Главная

ИЗДАТЕЛЬСТВО «ВРЕМЯ»

просмотров: 1 189 | Версия для печати | Комментариев: 0 |
Григорий Дашевский о стихах Михаила Айзенберга
Григорий Дашевский о стихах Михаила Айзенберга в книге "Шесть": "современные стихи соотносятся не с твоими чувствами или впечатлениями, а с твоей мыслью о собственной жизни" …Общая — начиная с 1950-х годов — для неподцензурной поэзии ситуация: советский мир чужд, прерванная традиция недоступна, поэзия невозможна — эта ситуация в стихах Айзенберга превратилась в качество самого голоса, в его фрагментарность, внутреннюю разорванность; превратилась в напряженную внимательность почти безнадежного вслушивания-ожидания. Часто относимые к Айзенбергу формулы «поэт и критик», «поэт и эссеист» своим грубым «и» заслоняют единство авторской позиции: и в его статьях о чужой поэзии (собранных в книги «Взгляд на свободного художника», 1997, и «Оправданное присутствие», 2004), и в очерках о людях семидесятых годов («Контрольные отпечатки», 2007) мы находим то же сосредоточенное вслушивание — только в прозе оно неизбежно приводит к какому-то «вот оно» (чужое стихотворение, другой человек, его жест или фраза) — а в стихах оказывается особым — почти самодостаточным — состоянием.
Такое состояние и есть жизнь в присутствии прерванной традиции — то есть молчащего учителя: он указывает тебе на какие-то точки или моменты чуждого мира как на загадку, делая их мишенью твоего концентрованного внимания-ожидания, — но разгадки почти никогда не дает.
К концу 1990-х годов в стихах Айзенберга ожидание сменилось отказом, вместо финальной паузы все чаще произносилось твердое «нет» — и вдруг в книге «В метре от нас» (2004) в его поэзии началась перемена, теперь, в «Рассеянной массе», выяснившаяся окончательно: голос целиком высвободился из-под чьей-то власти и легко парит на некоторой дистанции и от мира, и от самого говорящего — «человек», «жилец» и другие безличные обороты почти окончательно вытеснили «я». Как будто дробящее мир на точки и моменты немое учительское присутствие отступило — и загадочность разлилась по миру тихим, ровным, уже не мучительным слоем.
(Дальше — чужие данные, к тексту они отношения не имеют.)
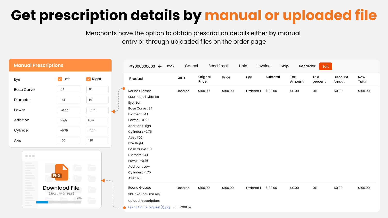 - Ordered Prescription Preview on the Cart, Checkout & Order View Pages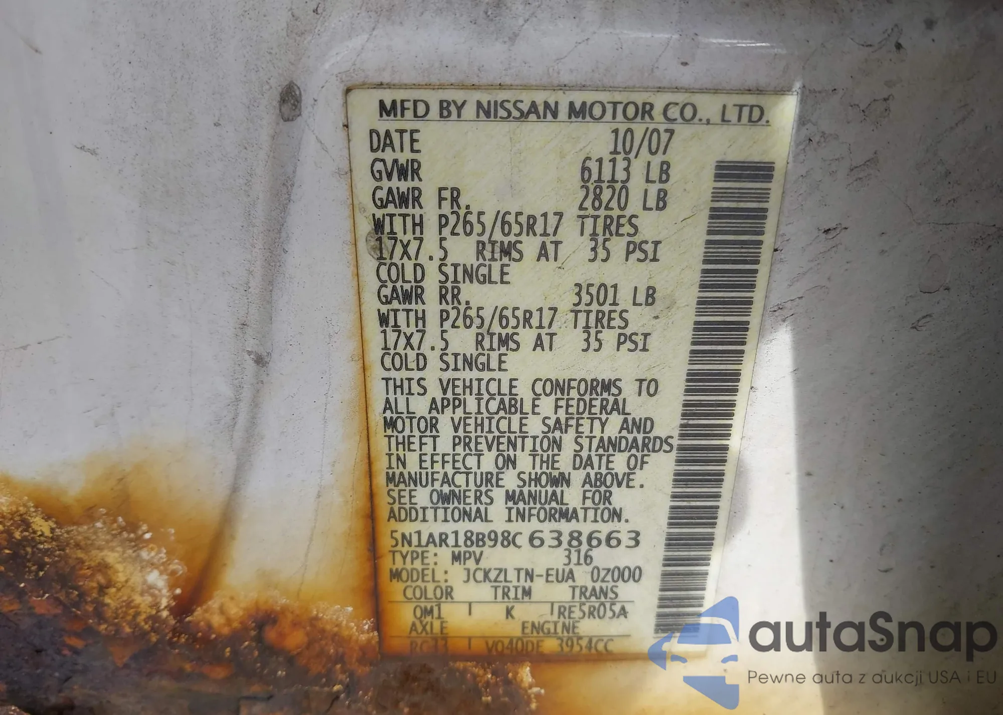 Samochód Nissan Pathfinder 2008 (VIN 5N1AR18B98C638663) ma dokumenty uniemożliwiające rejestrację. Mogą pojawić się trudności przy eksporcie i rejestracji. Skontaktuj się z ekspertami AutaSnap w celu znalezienia alternatywy.

Новое входит (падает) в этот мир не как непонятная вещь в понятную среду, а как бессмысленная вещь в загадочную среду: «Вдруг приходит новый, действительно новый день — // как гигант, готовый вырубить лес… // Мельницей ходят широкие рукава. // Невредимы мельницы-исполины. // В окне появляется голова // человека, сделанного из глины».
Для чтения современной поэзии необходимо — нет, не знакомство с ее языком, который нельзя узнать заранее, который постоянно обновляется, дробится и узнается только в самом чтении-слушании, — необходимо другое: нужно самому уже иметь какую-то мысль о своей жизни — не умственную, а самую простую или случайную, но мысль — потому что современные стихи соотносятся не с твоими чувствами или впечатлениями,
а с твоей мыслью о собственной жизни. Не заменяют эту мысль своей, а твоей же собственной мысли дают силу и голос.
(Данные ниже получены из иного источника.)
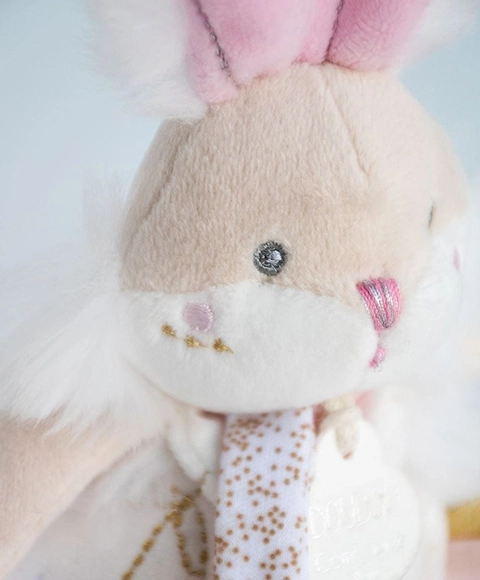 Dit zachte konijntje combineert drie functies in één: een knuffeldoekje, een zachte rammelaar voor de ontwikkeling van het gehoor en een fopspeenhouder zodat de fopspeen altijd bij de hand is. De premium, zachte pluche garandeert een aangename aanraking en veilig knuffelen vanaf de eerste levensdagen.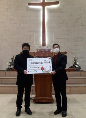 은평구 은평제일교회가 코로나19 극복 활동에 동참하기 위해 희망나눔 후원금을 진관동주민센터에 전달했다.

Если читатели — выходцы из прежнего мира — видят в стихах «Рассеянной массы» отчет о своей невключенности в новый мир, то новые читатели, часть нового мира, узнают в них свою внутреннюю разрезанность, — и их можно назвать лучшими читателями Айзенберга, потому что пространство его поэзии впервые становится целиком внутренним пространством именно для них. Они узнают себя не только в «жильце», но и в «человеке, сделанном из глины». И именно для них витающий между «жильцом» и то тихо-загадочным, то грозно-бессмысленным миром, замирающий и возобновляющийся голос стихов Айзенберга становится собственным голосом.